Every section has comments + defaults in `config.example.toml`—read that file for hints.

MCP Bridge Guide
----------------

MiniBot can discover and expose remote MCP tools as local tool bindings at startup. For each configured server,
MiniBot calls `tools/list`, builds local tool schemas dynamically, and exposes tool names in this format:

- `<name_prefix>_<server_name>__<remote_tool_name>`

For example, with `name_prefix = "mcp"`, `server_name = "dice_cli"`, and remote tool `roll_dice`,
the local tool name becomes `mcp_dice_cli__roll_dice`.

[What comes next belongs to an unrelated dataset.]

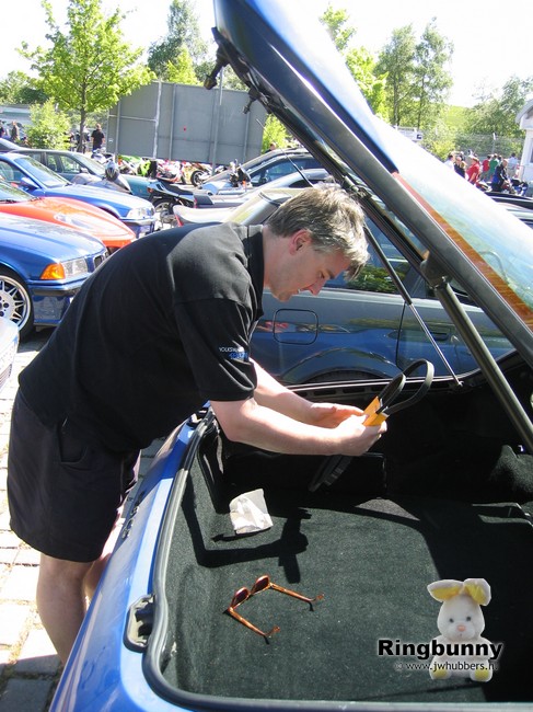 We managed to keep this up all the way to Wippermann, where I got some help in the form of a properly driven Exige (a black one). He came flying past when the Swiss Exige closed the door on him and almost ran him off the track. I'd tagged along behind the black Exige, and with the left indicator on, flashing the high beams and honking the horn I finally made it past him going into Eschbach. It would have been even better if he'd let me by going into Brünnchen, but at the time I was glad to be able to continue at normal speeds. The lap after that Euan went ahead, with me hoping he'd slow down to give me a chance to keep him in sight. This excellent plan went out the window the moment a 997 GT3RS accelerated past us: Euan put his foot down and started chasing it down. He was staying on its tail to Hatzenbach, where a yellow flag gave me a chance to catch up. At that point a white 968 wanted past, and I lost touch with Euan and the RS. Not that I would have been able to keep up, but the white 968 did slow me down a little. The rest of the lap was quite messy, with a little too much traffic around for my liking. I did a third lap in the hope that things would improve, but they most certainly didn't: going into T13 a red BMW E36 decided to dive to my inside for a classic undertaking manoever. Quite neat when you're racing; not so smart during Touristenfahrten. Ah well, that's why you check your mirrors... A helpful spectator was warning us of a crash that had occurred at Hocheichen. I enjoyed the sight of a blue 964RS overtaking me, then let a 944 by going into Aremberg. This time there was no traffic in Fuchsröhre, allowing me to keep it flat through there for a change. The outside of Kallenhard was a big dirty mess, but by now the normal line was clean again. Up Ex-Mühle the silver 997Turbo that Jochen had a lap in came screaming past as if I was standing still, gulping air like an oversized vacuum cleaner. From there to Eschbach wasn't much to write home about: several boiks and lots of cars, and most of the cars were either slow or didn't watch their mirrors, or both, and most of them didn't indicate to show that they had seen me. When I hit yet another bunch of traffic in Pflanzgarten I decided to drive the remaining few corners like a proper tourist on a sightseeing drive. Time for me to get something to drink and for the car to cool down a little. And to get a passenger lap with Euan. Before we went out, Euan wanted to check the oil level. And I saw him going to the back of a car. I guess he dreams about GT3s and RSs a bit too much :-)

Enable the bridge in `config.toml`:

```toml
[tools.mcp]
enabled = true
name_prefix = "mcp"
timeout_seconds = 10
```

Add one or more server entries.

Stdio transport example:

```toml
[[tools.mcp.servers]]
name = "dice_cli"
transport = "stdio"
command = "python"
args = ["tests/fixtures/mcp/stdio_dice_server.py"]
env = {}
cwd = "."
enabled_tools = []
disabled_tools = []
```

HTTP transport example:

```toml
[[tools.mcp.servers]]
name = "dice_http"
transport = "http"
url = "http://127.0.0.1:8765/mcp"
headers = {}
enabled_tools = []
disabled_tools = []
```

Playwright MCP server example:

Requires Node.js (and `npx`) on the host running MiniBot.

```toml
[[tools.mcp.servers]]
name = "playwright-cli"
transport = "stdio"
command = "npx"
# Notice: if npx is not on PATH (for example with asdf), use "/home/myuser/.asdf/shims/npx".
args = [
  # Recommended: pin a version if --output-dir behavior affects you
  "@playwright/mcp@0.0.64",
  # Or use "@playwright/mcp@latest",

  # "--headless",
  "--browser=chromium",

  # Enable screenshots (vision) and PDFs
  "--caps=vision,pdf",

  # Output directory (screenshots/downloads/session)
  "--output-dir=./data/files/browser",

  # Persist browser state/session under output-dir
  "--save-session"
]
env = {}
cwd = "."
# enabled_tools = []
# disabled_tools = []
```

Tool filtering behavior:

- `enabled_tools`: if empty, all discovered tools are allowed; if set, only listed remote tool names are exposed.
- `disabled_tools`: always excluded, even if also present in `enabled_tools`.

Troubleshooting:

- If discovery fails for a server, startup logs include `failed to load mcp tools` with the server name.

Suggested model presets
-----------------------

- `openai_responses`: `gpt-5-mini` with `reasoning_effort = "medium"` is a solid default for a practical quality/cost balance.
- `openrouter`: `x-ai/grok-4.1-fast` with medium reasoning effort is a comparable quality/cost balance default.

Scheduler Guide
---------------

Schedule by chatting naturally. MiniBot understands reminders for one-time and recurring prompts, and keeps
jobs persisted in SQLite so they survive restarts.

Use plain prompts like:

- "Remind me in 30 minutes to check my email."
- "At 7:00 AM tomorrow, ask me for my daily priorities."
- "Every day at 9 AM, remind me to send standup."
- "List my active reminders."
- "Cancel the standup reminder."

Notes:

- One-time and recurring reminders are supported.
- Recurrence minimum interval is `scheduler.prompts.min_recurrence_interval_seconds` (default `60`).
- Configure scheduler storage/polling under `[scheduler.prompts]` in `config.toml`.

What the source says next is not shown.